Australian audiences are loyal to 'Red Dog'
There is a statue of a dog in the small mining town of Dampier in the remote northwestern area of Australia. It says "Red Dog, Died 21st November 1979, Erected by the many friends made during his travels." In April 1998, British author Louis De Bernieres (Captain Corelli's Mandolin) was in Western Australia for a literary event. At that time he heard about the Red Dog and came back several months later to find out more. The result was his 2002 book Red Dog. That book is now a movie and is the most talked-about Australian film of the year, a picture that has exhibitors smiling as screen averages go up week after week. It stars American actor Josh Lucas (The Lincoln Lawyer, J Edgar) along with Australian stars Rachael Taylor, Noah Taylor and Bill Hunter, and was directed by Kriv Stenders.
This is a feel-good film that tells the semi-legendary story of a red dog that lived among the rough miners of the region. He often travelled between towns in the cabins of semi-trailer truck drivers. The dog adopted one driver as a sort of owner, but kept his independence. Red Dog the movie concentrates as much on the people as on the dog.
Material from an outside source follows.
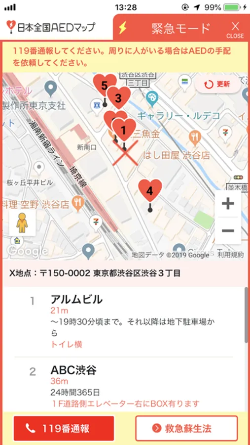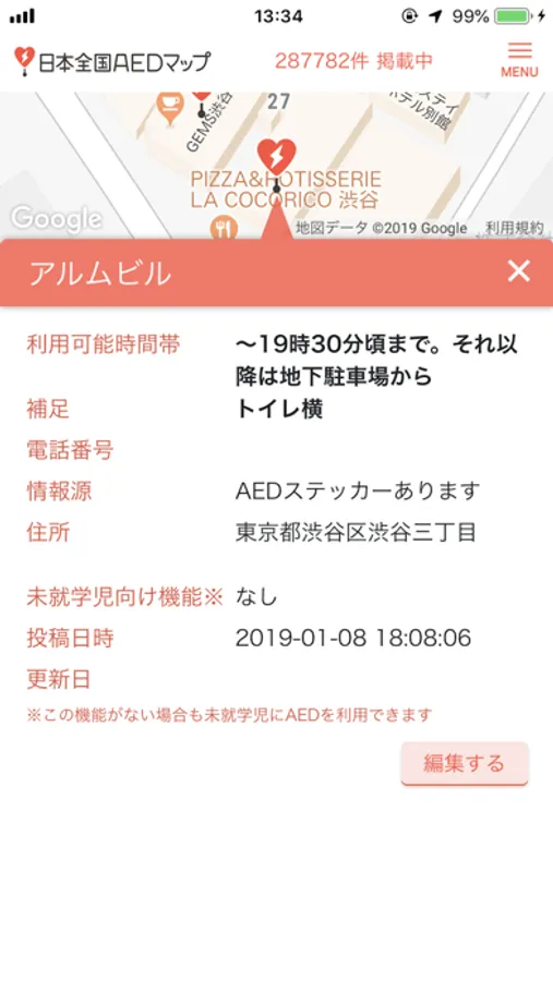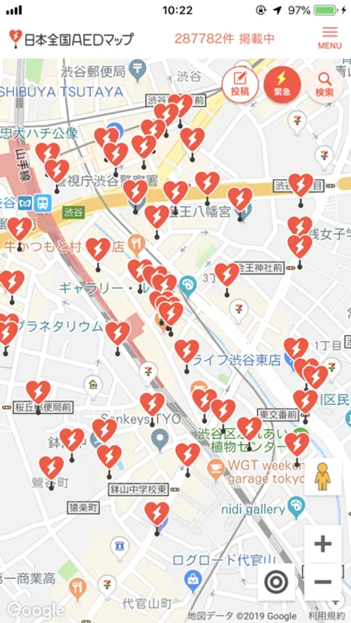 AEDの掲載データは一般投稿によって支えられています。未掲載のAEDや誤ったデータを発見された場合は、AEDマーカをタップいただき修正をお願いします。(PCでも編集ができます。)

In its first week in early August, Red Dog opened in fourth place with $1.80 million at 245 screens and an average of $7,365. For its second weekend, it added three screens, moved up to third spot and had an increase in both box office ($1.88 million) and screen average ($7,580). The third weekend was the best so far. It moved up to second spot on the box-office chart, added another five screens and increased both its box-office takings ($2.53 million) and screen average ($8,832). In its fourth weekend, Red Dog dropped 13% to $1.94 million, stayed in second spot and had a screen average of $7,548. As of press time, it had grossed $10.5 million, with many weeks left in cinemas. All figures are in Australian dollars with an Australian dollar worth US$1.05 at press time.
Red Dog arrived with little fanfare amidst some of the most overhyped Hollywood summer blockbusters of the year. Roadshow Film Distributors had great faith in their film and built up what was one of the best campaigns I have seen in years to promote it. Their campaign has obviously worked wonders. A U.K. release will follow in October. Prior to its Australian release, there had been some American bids for distribution, but the producers decided to hold out until the film had proved itself locally.
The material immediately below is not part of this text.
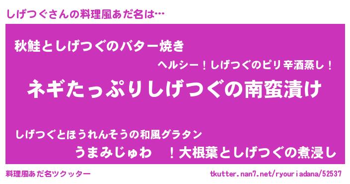 | 意味不明あだ名 | 『ペロリンしげつぐ』『永久保存しげつぐ』 |

It seems like the unusual levels of rain in outback New South Wales have kept farmers happy, but not George Miller and Warner Bros. The rain has turned the desert fields around Broken Hill green and the new Mad Max film may well be shot in Namibia rather than here in Australia.
The final Harry Potter film has done what none of the others could. It is in the top 10 all-time films at the Australian box office at number three behind Avatar and Titanic. No other Harry Potter films are in the top 10.